■ What the exercise asks: Of the records that follow, copy only the lines from the line containing "(¬1) طبقات القراء" to the line containing "조합원에게 경제적 부담이", both included, exactly as written.

■ Listed records:

__________

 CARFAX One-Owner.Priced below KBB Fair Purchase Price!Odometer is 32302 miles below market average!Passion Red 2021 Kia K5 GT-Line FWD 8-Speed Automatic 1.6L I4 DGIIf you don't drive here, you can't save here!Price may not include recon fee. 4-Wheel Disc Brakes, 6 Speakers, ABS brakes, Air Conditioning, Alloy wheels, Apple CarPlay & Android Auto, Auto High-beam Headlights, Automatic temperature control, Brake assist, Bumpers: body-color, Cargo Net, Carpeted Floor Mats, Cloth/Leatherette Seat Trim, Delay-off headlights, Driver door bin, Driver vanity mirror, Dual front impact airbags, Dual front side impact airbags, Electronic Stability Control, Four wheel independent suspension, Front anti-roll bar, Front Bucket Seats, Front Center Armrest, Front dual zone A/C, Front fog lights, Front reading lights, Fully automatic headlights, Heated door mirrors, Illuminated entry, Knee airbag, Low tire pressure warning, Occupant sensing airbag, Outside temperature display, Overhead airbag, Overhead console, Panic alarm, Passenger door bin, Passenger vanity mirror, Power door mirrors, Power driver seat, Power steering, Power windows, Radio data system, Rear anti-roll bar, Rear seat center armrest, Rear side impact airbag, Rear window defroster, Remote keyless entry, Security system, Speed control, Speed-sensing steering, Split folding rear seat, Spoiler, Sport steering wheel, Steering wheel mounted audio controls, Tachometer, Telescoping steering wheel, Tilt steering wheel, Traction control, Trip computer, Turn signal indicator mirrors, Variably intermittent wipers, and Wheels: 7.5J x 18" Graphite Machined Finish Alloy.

__________

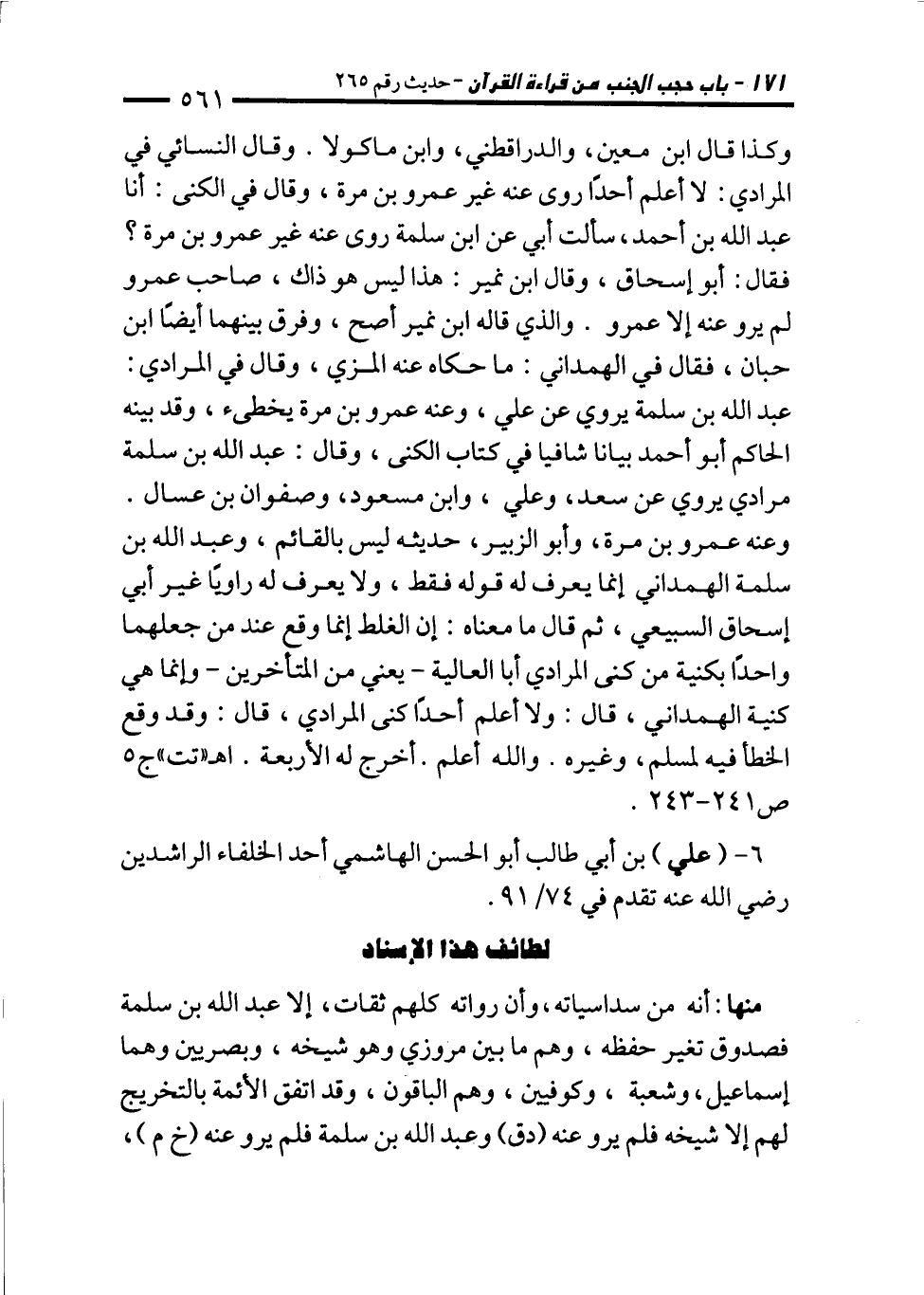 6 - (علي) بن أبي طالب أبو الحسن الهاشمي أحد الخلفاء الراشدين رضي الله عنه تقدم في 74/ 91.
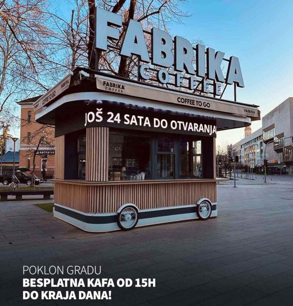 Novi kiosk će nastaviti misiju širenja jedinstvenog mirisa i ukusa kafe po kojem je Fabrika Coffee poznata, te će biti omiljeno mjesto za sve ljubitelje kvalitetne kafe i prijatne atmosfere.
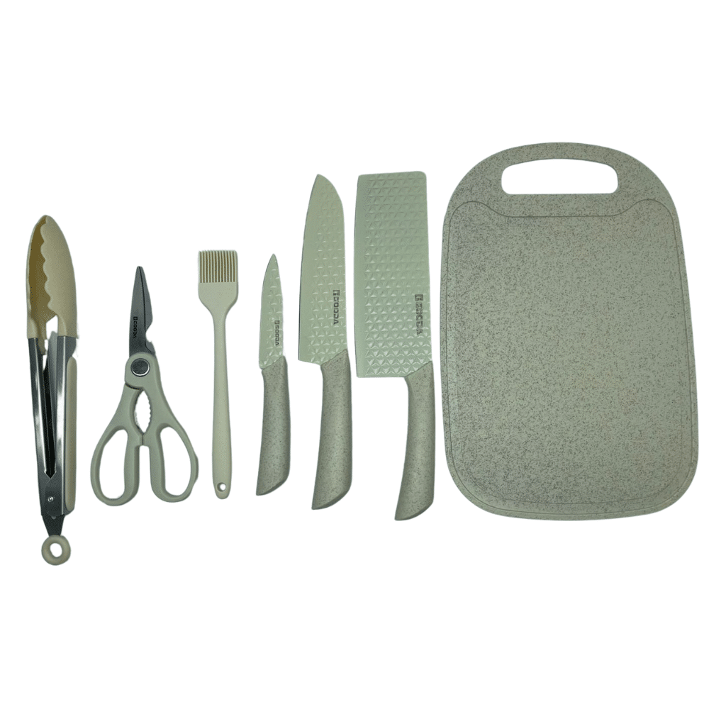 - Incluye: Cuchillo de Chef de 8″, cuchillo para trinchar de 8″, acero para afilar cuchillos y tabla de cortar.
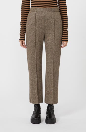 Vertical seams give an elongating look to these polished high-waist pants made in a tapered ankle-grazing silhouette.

__________

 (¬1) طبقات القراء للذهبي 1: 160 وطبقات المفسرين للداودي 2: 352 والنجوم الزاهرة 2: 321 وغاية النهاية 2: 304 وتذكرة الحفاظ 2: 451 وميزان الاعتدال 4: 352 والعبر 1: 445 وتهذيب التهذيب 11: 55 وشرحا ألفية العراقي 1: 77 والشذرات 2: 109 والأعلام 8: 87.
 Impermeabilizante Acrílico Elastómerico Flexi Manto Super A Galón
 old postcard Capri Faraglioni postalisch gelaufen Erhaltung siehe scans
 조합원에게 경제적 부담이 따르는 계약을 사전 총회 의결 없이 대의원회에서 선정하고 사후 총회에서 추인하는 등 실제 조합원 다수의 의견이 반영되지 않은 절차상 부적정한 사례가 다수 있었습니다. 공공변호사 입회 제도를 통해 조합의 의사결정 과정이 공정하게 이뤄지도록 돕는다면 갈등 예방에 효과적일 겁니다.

__________

■ Finished exercise:
 (¬1) طبقات القراء للذهبي 1: 160 وطبقات المفسرين للداودي 2: 352 والنجوم الزاهرة 2: 321 وغاية النهاية 2: 304 وتذكرة الحفاظ 2: 451 وميزان الاعتدال 4: 352 والعبر 1: 445 وتهذيب التهذيب 11: 55 وشرحا ألفية العراقي 1: 77 والشذرات 2: 109 والأعلام 8: 87.
 Impermeabilizante Acrílico Elastómerico Flexi Manto Super A Galón
 old postcard Capri Faraglioni postalisch gelaufen Erhaltung siehe scans
 조합원에게 경제적 부담이 따르는 계약을 사전 총회 의결 없이 대의원회에서 선정하고 사후 총회에서 추인하는 등 실제 조합원 다수의 의견이 반영되지 않은 절차상 부적정한 사례가 다수 있었습니다. 공공변호사 입회 제도를 통해 조합의 의사결정 과정이 공정하게 이뤄지도록 돕는다면 갈등 예방에 효과적일 겁니다.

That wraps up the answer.